Как только танки остановились у огненной преграды, Сухов выскочил из машины с запасными частями, шедшей в середине колонны. Головной танк еще стрелял. Партизаны были не видны. Он и Бочаров лугом, по пояс в снегу, обогнули лесной уступчик у моста и вышли на проселок, усеянный охапками свежепросыпанного сена.

— Кого-нибудь обязательно тут накроем, — сказал Сухов.

Бой с танками разгорался все яростнее, а на проселочной дороге было тем не менее пусто.

— Зря. Надо возвращаться, — шепнул Бочаров после того, как они бесцельно пролежали более часа.

В это время Павел верхом на лошади, выпряженной из саней, без седла, показался возле них. Они тут же схватили его.

— К нам, что ли, скакал? — спросил его Сухов, обыскивая. — Это, брат, мы примем во внимание.

— Чего с ним говорить, не в себе он еще, — пробурчал Бочаров.

— Почему не в себе? — удивился Сухов. — Слава богу, не чужие.

Разоружив и связав ему руки, Сухов с Бочаровым повели Павла к полустанку.

— Только не будь дураком, Панька, — сказал Сухов. — Можешь и себя выручить, и нас устроить. Хочешь, отпустим?

Павел молчал.

— Первое — скажи, где базы. Второе — где Наталья. Мой план такой: немцу базы откроем — и твоему отцу крышка, он — за фронт, мы — за ним; Наталья — моя. Что ж, он против зятя пойдет? Не станет сора из избы выносить.

— Отец на все пойдет, — сказал Павел.

— Погоди, давай по порядку, — перебил его Сухов, — берешься показать базы?

— Нет, — зло ответил Павел. — И Наталью тебе не передам и баз не открою. Сволочь ты. Только меня запутал.

— Тогда пытать.

— Убивайте, чорт с вами! Лучше убитым быть, чем с вами дело иметь!

— Это все шутки, дело впереди будет, — засмеялся Сухов. — Мы тебя пока что скроем, сам потом увидишь, что мы тебе добра желали. Но, между прочим, иди, не оглядывайся. Бежать задумаешь — убью!
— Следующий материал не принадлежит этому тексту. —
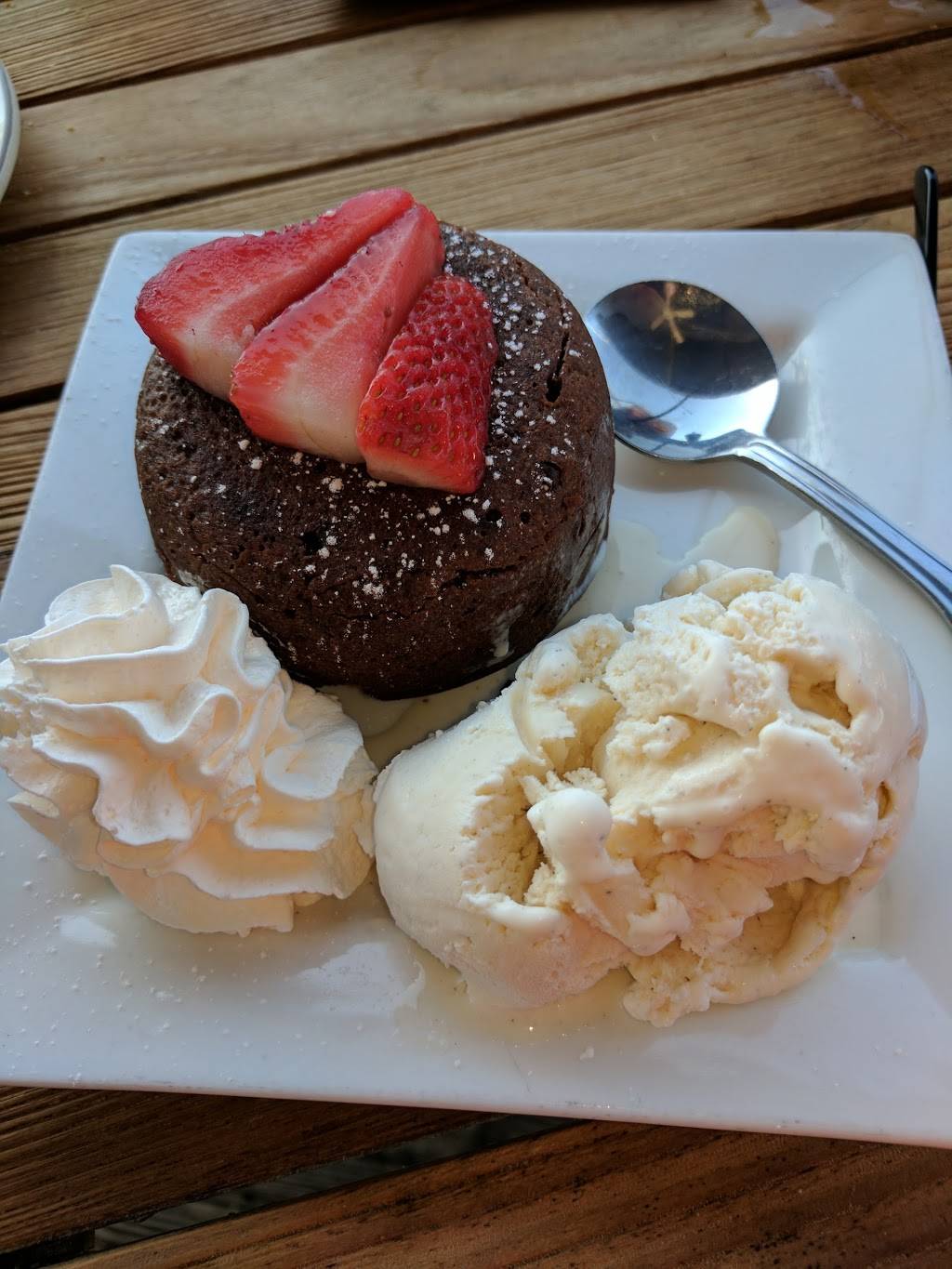 Clean great staff right one the water, awesome atmosphere!! Great outdoor and indoor seating. Beautiful for sunsets! A LITTLE pricey but very yunmy!

Они немного отстали от Павла.

— Я его образую, — сказал Сухов. — Это же воск, что, я его не знаю?

— Поберечь, думаешь?

— Безусловно.

12

Из лесорубного барака Наталья с Алексеем на другой же день перебрались в наспех вырытую землянку за широким, даже в зиму плохо замерзающим болотом. Совсем уж в медвежью глушь. А отряд после разгрома танков снялся в соседний район.

— Сейчас опасно перевозить вас, — сказал отец Наталье. — Пока Сухова не прикончу, к фронту нам дорога заказана. Он там, небось, день и ночь. Ну, я их отодвину назад. Дней на десять ухожу. Не скучай.

Нетерпеливо поджидала Наталья возвращения отца. Все в ней было теперь устремлено только на предстоящий путь с Алексеем. Он один мерещился ей, как счастье, как избавление от беды, как будущее, без которого бессмысленно и ненужно все ее настоящее. Отрезать у нее этот путь — и остановится, станет мертвой жизнь. Незачем будет жить и нечем.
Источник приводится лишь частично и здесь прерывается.